Recent academic research involves the daily analysis and generation of vast amounts of data using supercomputers. However, the research process and results are often left to manual recording and management by researchers, raising concerns regarding reproducibility, fairness, and efficiency. Furthermore, from the perspective of promoting open science, there is a demand for greater transparency in the research process and the implementation of an audit trail management system.

In response, a research group led by Susumu Date, Director at The Joint Research Laboratory for Integrated Infrastructure of High Performance Computing and Data Analysis —established in 2021 by The University of Osaka D3 Center and NEC—developed SCUP-HPC (*3), a new technology that records and manages the computational provenance executed on supercomputers.

SCUP-HPC tracks, records, manages, and visualizes computational provenance—tracking what data is accessed by which programs and what data is generated—in cluster-type supercomputers where multiple high-performance computers are connected via high-speed networks, while minimizing the impact on the supercomputer’s performance.

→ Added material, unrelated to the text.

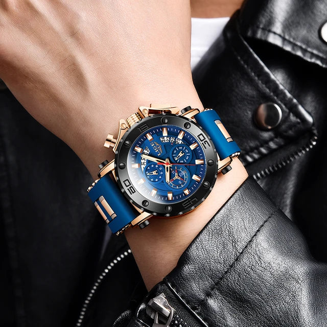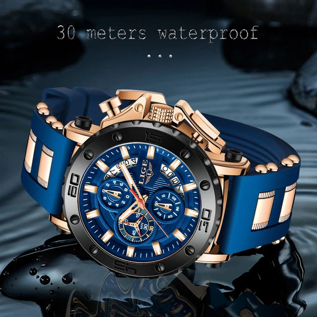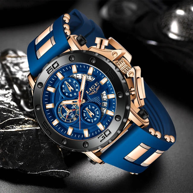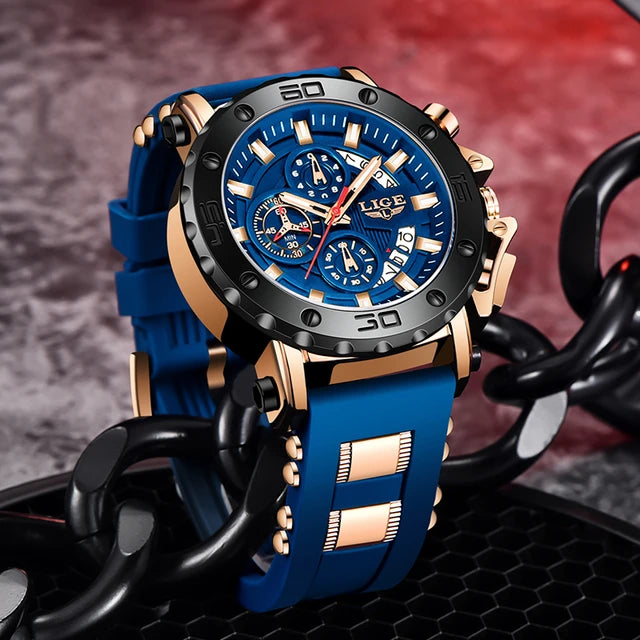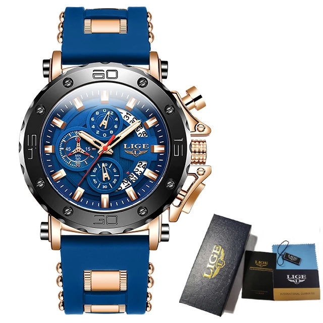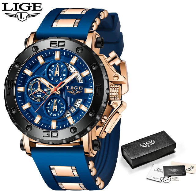 LIGE Watches Men Sport Chronograph Quartz Men Watch Fashion Blue Silicone Strap Big Dial Wrist Watch Male Waterproof Date Clock
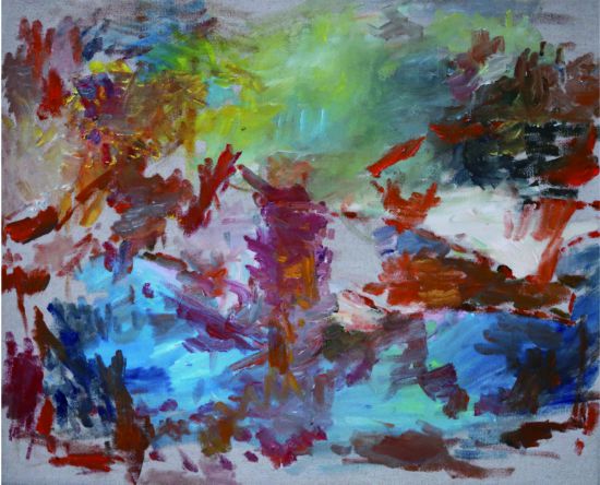 這種臨場(chǎng)感的和諧使畫家不再固執(zhí)于數(shù)十年的具象繪畫訓(xùn)練。事物的在場(chǎng),當(dāng)然包含了比一套固定技法或繪畫體系要多得多的意義。因此,現(xiàn)場(chǎng)創(chuàng)作仿佛一場(chǎng)嚴(yán)肅的儀式,旨在把已經(jīng)失去聯(lián)系的世界重新請(qǐng)回到畫布上。真正能夠呈現(xiàn)在畫布上的不過是這個(gè)世界的顯像,但通過抽象,顯像就表達(dá)為一系列感官知覺的鏈接與游戲,也就是富有自發(fā)性的色彩。畫家將這種追求稱之為創(chuàng)造過程中主觀和客觀的互動(dòng)。色彩也好,形體也罷,無不是取之于外、判攝于內(nèi)的創(chuàng)作過程,最終呈現(xiàn)為有意味的筆觸,或用畫家自己的話來說,“印象派作品的外光閃爍感”。當(dāng)然,從這個(gè)意義上說,追求筆觸的“來處”——無論這種來處是否是主客交融的產(chǎn)物——不妨仍然視為對(duì)創(chuàng)作對(duì)象的一種“摹寫”,但是,抽象意識(shí)的自覺則恰好剔除了這種“摹寫”的客觀意味。換言之,印象派執(zhí)著于外部客觀性或者說光影之“真”的追求,完全被畫家關(guān)于抽象繪畫的自我理解所取代。實(shí)際上,這種理解可以非常傳統(tǒng)地形諸于傳統(tǒng)繪畫的內(nèi)外關(guān)系,從而與西方抽象畫傳統(tǒng)的自我理解判然有別。

This enables “Scientific Computing Unifying Provenance – High Performance Computing,” which integrates computational provenance on supercomputers, and is expected to dramatically improve the productivity of researchers using supercomputers for scientific computing tasks such as simulations and AI training.

Furthermore, by utilizing the provenance management and search service provided by SCUP-HPC, authorized users will be able to perform searches using history IDs and view visualized computational provenance. This will enable researchers to include the computation history ID in their paper acknowledgments (*4), confirming that the research results were computed using OCTOPUS, thereby helping to ensure the integrity of academic research.

NEC plans to commercialize a provenance management system for supercomputers utilizing SCUP-HPC in the future.